Meloxicam, a nonsteroidal anti-inflammatory drug (NSAID) used to treat arthritis, is predicted to be a repositioning candidate for the treatment of non-Hodgkin lymphoma, via the mobilisation of autologous peripheral blood stem cells from bone marrow. By inhibiting cyclooxygenase 2, meloxicam is understood to inhibit generation of prostaglandin E₂, which is known to stimulate osteoblasts to release osteopontin, a protein which encourages bone resorption by osteoclasts (Rainsford, Ying & Smith, 1997; Ogino et al., 2000). By inhibiting prostaglandin E₂ and disrupting the production of osteopontin, meloxicam may encourage the departure of stem cells, which otherwise would be anchored to the bone marrow by osteopontin (Reinholt et al., 1990). In Fig. 6, rituximab, a B-cell depleting monoclonal antibody that is currently indicated for treatment of non-Hodgkin lymphoma, is the top ranked drug by partial correlation, which provides evidence for repositioning to this indication. Interestingly, depletion of B-cells by rituximab has recently been demonstrated to result in decreased bone resorption in patients with rheumatoid arthritis, possibly via a direct effect on both osteoblasts and osteoclasts (Wheater et al., 2011; Boumans et al., 2012), suggesting a common mechanism of action between meloxicam and rituximab. Further evidence is provided by the fifth-ranked drug clopidogrel, an antiplatelet agent used to inhibit blood clots in coronary artery disease, peripheral vascular disease, cerebrovascular disease, and to prevent myocardial infarction. Clopidogrel works by irreversibly inhibiting the adenosine diphosphate receptor P2Y12, which is known to increase osteoclast activity (BonekEY Watch, 2012). Similarly to the ramelteon subgraph, many drugs in the vicinity of meloxicam are used to treat inflammation including diclofenac, naproxen (both NSAIDs) and betamethasone, resulting in close association between these drugs, with shared side-effects in the subgraph including pain, cramping, flushing and fever, while swelling, indigestion, inflammation and skin rash are shared by meloxicam and rituximab.

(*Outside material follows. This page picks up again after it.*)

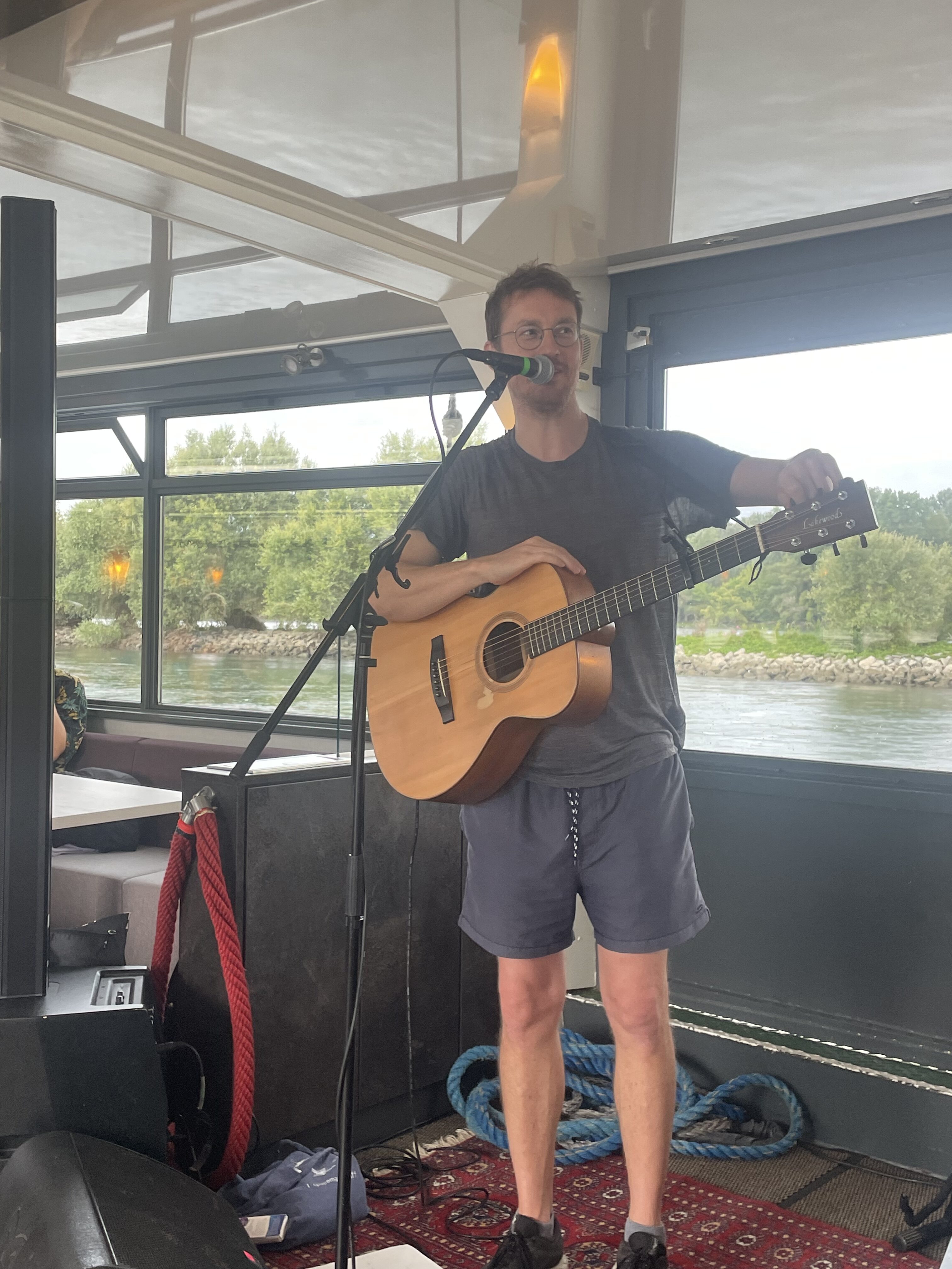Ein weiterer Festival-Höhepunkt ist die Schiffsfahrt am Folgetag. Der Heimspiel-Liner legt bereits um 11 Uhr ab. Es ist die erste Tour, eine weitere Runde auf dem Rhein wird zwei Stunden später gedreht. Beide Mal an Bord: der Singer-Songwriter Hannes Wittmer. Unsere Gruppe erwischt die Regenfahrt; als wir wieder anlegen kommt die Sonne raus. Aber Songs wie „Die Beschissenheit der Welt“ passen einfach besser zu Grauschleier und Nieselwetter; wir haben definitiv den passenderen Zeit-Slot erwischt. Mir kommt ein Zitat von Sven Regener in den Sinn: „In der Kunst ist die Traurigkeit schön“. Hannes Wittmers Lieder, die er mit der Akustikgitarre vorträgt, sind der beste Beweis dafür. Zudem ist er ein guter Unterhalter, der die trübe Stimmung, die aus vielen seiner Texte spricht, mit pointierten Zwischenansagen aufhellt. Auch sonst hat Wittmer, der früher unter dem Namen Spaceman Spiff aufgetreten ist, viel zu erzählen. Es lohnt sich nicht nur, seine Platten anzuhören (Anspieltipp: „Vorwärts ist keine Richtung“), sondern auch in seinen Blog reinzulesen, in dem er sehr offen über seinen Umgang mit Depression und den Verwertungsmechanismen in der Musikindustrie spricht.

While the side-effects shared within the subgraphs of our three examples are commonly associated with a large number of drugs, some of the side-effects shared by the three drug pairs such as hallucinations, excessive salivation and anxiety are somewhat less common. To investigate this relationship for the data set as a whole, we calculated log frequencies for all side-effects and compared these values against the normalized average rank of pairs where the side-effect was shared by both the query and target drug. If we assume that a higher ranking in our model indicates a higher likelihood of drugs sharing a protein target, this relationship demonstrates similar properties to the observations of Campillos et al. (2008) in that there is a negative correlation between the rank and frequency of a side-effect. The correlation coefficient has a value of −0.045 which is significantly different from zero at the 0.001 level, although the linear relationship appears to break down where the frequency of the side-effect is lower than about 0.025.